● **WORK REQUIRED**:
I need the lines below from the one with "StorageManiac Folding Clothes" down to the one with "La cheffe de" reproduced exactly, both ends included, and nothing else.

● **ENTRIES SHOWN**:

=== Begin Enclosure ===

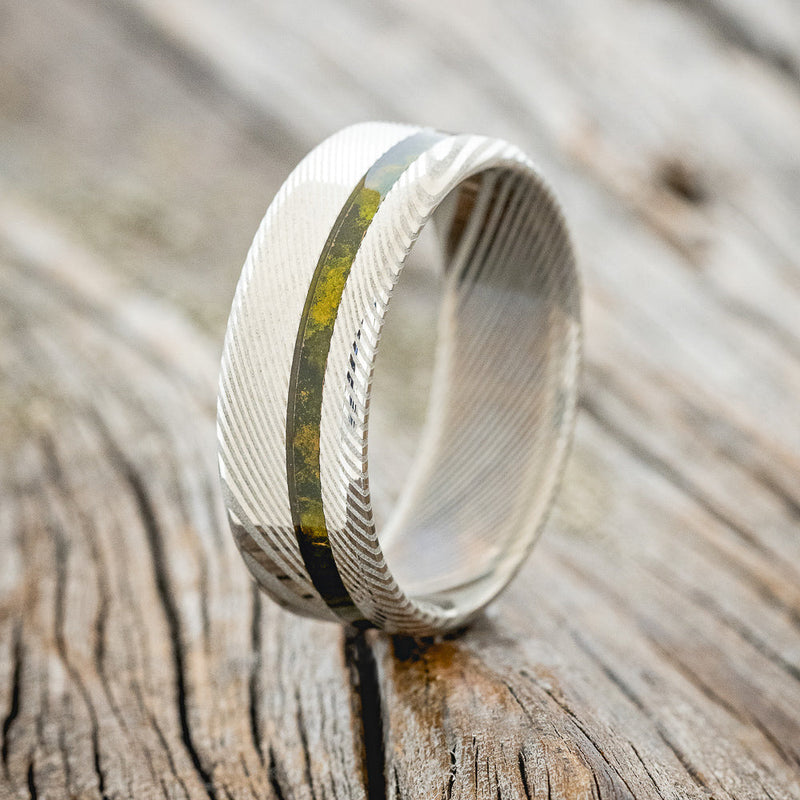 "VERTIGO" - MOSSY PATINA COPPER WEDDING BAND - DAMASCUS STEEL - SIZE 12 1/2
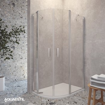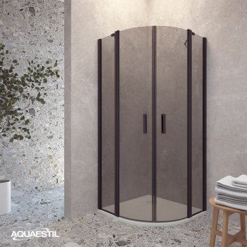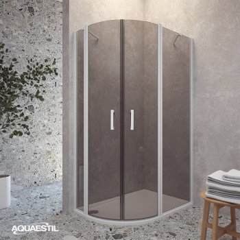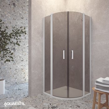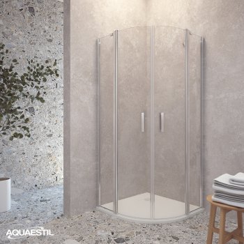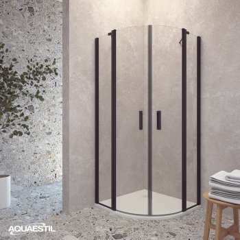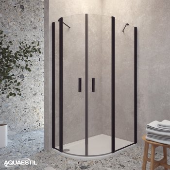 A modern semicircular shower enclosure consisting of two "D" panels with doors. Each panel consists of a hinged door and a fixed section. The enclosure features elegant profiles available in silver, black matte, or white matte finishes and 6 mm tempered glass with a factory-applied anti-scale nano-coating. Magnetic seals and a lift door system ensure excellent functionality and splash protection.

=== End Enclosure ===
=== Begin Enclosure ===

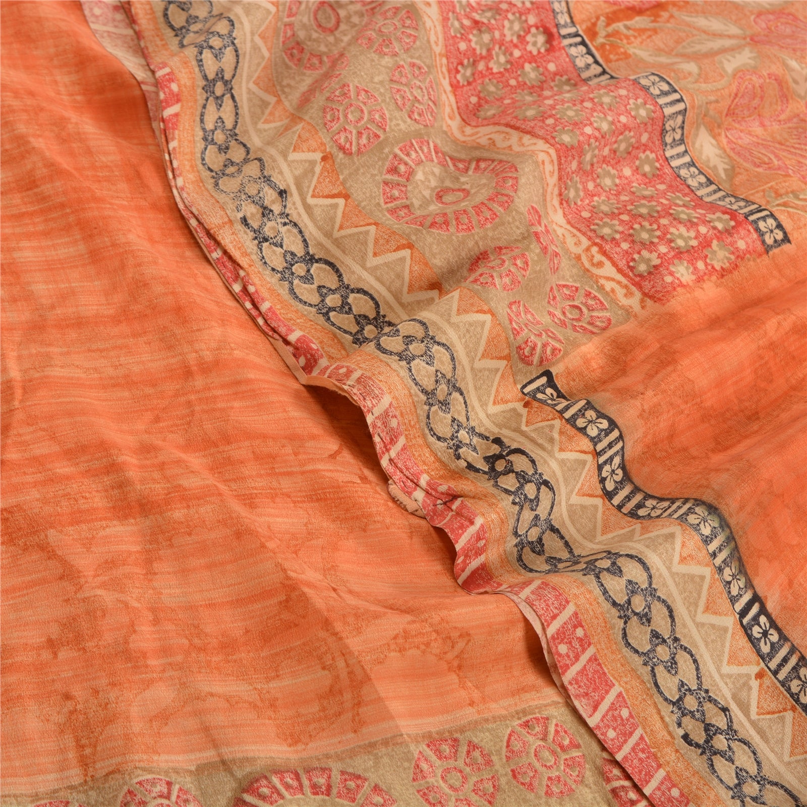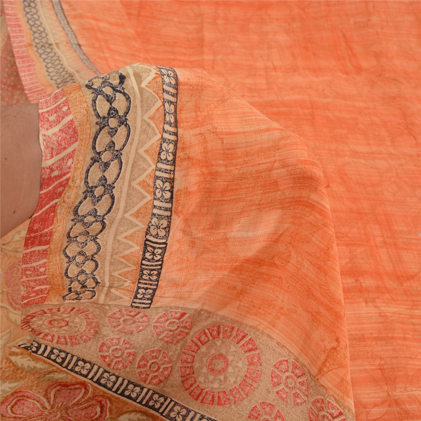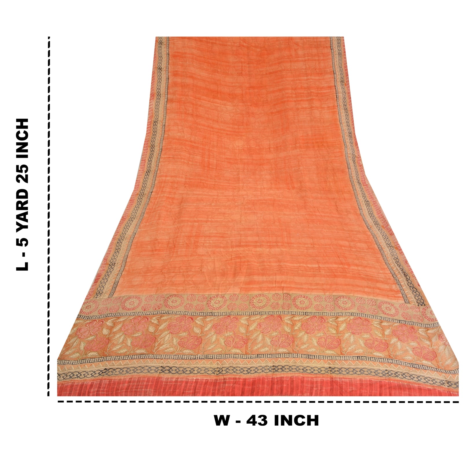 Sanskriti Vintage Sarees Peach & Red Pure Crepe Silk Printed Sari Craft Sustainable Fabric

=== End Enclosure ===
=== Begin Enclosure ===

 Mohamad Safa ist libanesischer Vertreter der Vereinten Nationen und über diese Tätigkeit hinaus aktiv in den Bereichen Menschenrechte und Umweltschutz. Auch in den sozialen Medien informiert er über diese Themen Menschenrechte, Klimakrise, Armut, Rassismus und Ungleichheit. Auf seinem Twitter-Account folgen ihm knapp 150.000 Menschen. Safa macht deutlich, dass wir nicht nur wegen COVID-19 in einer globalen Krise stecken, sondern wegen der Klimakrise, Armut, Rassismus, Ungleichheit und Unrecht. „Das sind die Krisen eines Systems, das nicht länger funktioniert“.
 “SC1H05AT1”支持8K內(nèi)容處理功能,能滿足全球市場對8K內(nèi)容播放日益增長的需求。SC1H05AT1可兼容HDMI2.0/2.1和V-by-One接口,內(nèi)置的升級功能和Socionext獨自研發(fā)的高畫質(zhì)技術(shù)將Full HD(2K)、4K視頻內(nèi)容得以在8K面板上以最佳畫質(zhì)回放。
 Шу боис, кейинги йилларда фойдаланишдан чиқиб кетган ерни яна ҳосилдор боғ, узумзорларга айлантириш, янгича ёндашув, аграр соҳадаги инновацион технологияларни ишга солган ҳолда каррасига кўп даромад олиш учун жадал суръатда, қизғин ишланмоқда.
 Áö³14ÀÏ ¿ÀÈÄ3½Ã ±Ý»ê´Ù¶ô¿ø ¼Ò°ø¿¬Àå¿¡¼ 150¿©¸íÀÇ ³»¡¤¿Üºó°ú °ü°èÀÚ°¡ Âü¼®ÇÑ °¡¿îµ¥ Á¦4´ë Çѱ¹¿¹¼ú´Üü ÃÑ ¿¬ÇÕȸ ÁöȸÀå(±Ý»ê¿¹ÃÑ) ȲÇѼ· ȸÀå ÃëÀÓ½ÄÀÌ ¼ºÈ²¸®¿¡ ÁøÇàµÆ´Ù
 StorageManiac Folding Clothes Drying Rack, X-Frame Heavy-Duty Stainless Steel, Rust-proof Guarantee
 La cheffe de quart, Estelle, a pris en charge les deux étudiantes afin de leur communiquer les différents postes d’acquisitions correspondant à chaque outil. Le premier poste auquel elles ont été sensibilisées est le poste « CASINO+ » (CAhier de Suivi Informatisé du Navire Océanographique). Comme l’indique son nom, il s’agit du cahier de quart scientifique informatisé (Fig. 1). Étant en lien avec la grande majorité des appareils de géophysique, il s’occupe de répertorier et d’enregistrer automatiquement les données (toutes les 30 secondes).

=== End Enclosure ===

● **ANSWER BOX**:
 StorageManiac Folding Clothes Drying Rack, X-Frame Heavy-Duty Stainless Steel, Rust-proof Guarantee
 La cheffe de quart, Estelle, a pris en charge les deux étudiantes afin de leur communiquer les différents postes d’acquisitions correspondant à chaque outil. Le premier poste auquel elles ont été sensibilisées est le poste « CASINO+ » (CAhier de Suivi Informatisé du Navire Océanographique). Comme l’indique son nom, il s’agit du cahier de quart scientifique informatisé (Fig. 1). Étant en lien avec la grande majorité des appareils de géophysique, il s’occupe de répertorier et d’enregistrer automatiquement les données (toutes les 30 secondes).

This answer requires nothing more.